DE4122033A1 - PRESERVATIVE-FREE WATER-IN-OIL EMULSIONS - Google Patents

Abstract

The invention concerns water-in-oil emulsions containing 10-40 % by wt. of one or more water-insoluble oils and 2-10 % by wt. of one or more water/oil-emulsifying agents. Even in the absence of preservatives, such emulsions can be conserved against microbial decay if they contain 15-30 % by wt. of one or more polyols with 2 to 12 C-atoms, 2 to 8 OH-groups and up to two aldehyde or ketone groups.

Description

The invention relates to preservative-free water-in-oil emulsions, henceforth referred to as W / O emulsions, containing one or more water insoluble oil bodies, one or more W / O emulsifiers and one or several polyols with 2 to 12 carbon atoms, 2 to 8 OH groups and up to 2 Aldehyde or ketone groups.

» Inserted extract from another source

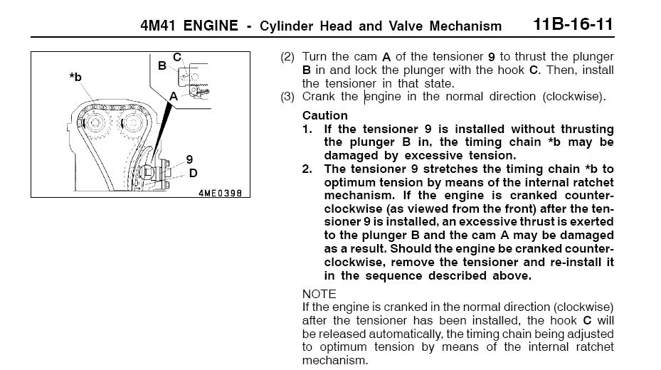 Русским языком - взводить нужно кулачок (А) чтобы плунжер (В) зафиксировал крюк (С) (храповик). И обязательно крутить двигатель (коленвал) ПО часовой стрелке (т.е. по нормальному рабочему направлению). В противном случае (если не "взвели" или направление поворота коленвала попутали) - возможно повреждение цепи!

Cosmetic and pharmaceutical W / O emulsions must be approved by adding them protected preservatives against microbial spoilage in order to the consumer from health damage, e.g. B. by microbial To to preserve xine. Preservatives are however dermatological Findings cause many skin conditions, so need for conser free of agent-free W / O emulsions. These should go beyond that be easy to distribute, absorb well into the skin and do not stick.

The preservative-free W / O emulsions on the market are only partial solutions. For example, according to K.H. Wallhäusser (antimicrobial Conservation in theory and practice; Concept Symposium, Frankfurt 1988). with today's homogenizers, such water in oil emulsify that the incorporated water droplets are about the size of bacteria. Only then does a bacterium have a certain excess chance of life if it is in the immediate vicinity of a water droplet and from there water as well as nutrients and air dissolved in it can take. If the supply is exhausted, there is usually a drop die of the bacterium, taking it out by releasing water to the environment dries. Such systems are germ-free, but not microbiological resilient, d. H. the risk of contamination when the emulsion is removed is given.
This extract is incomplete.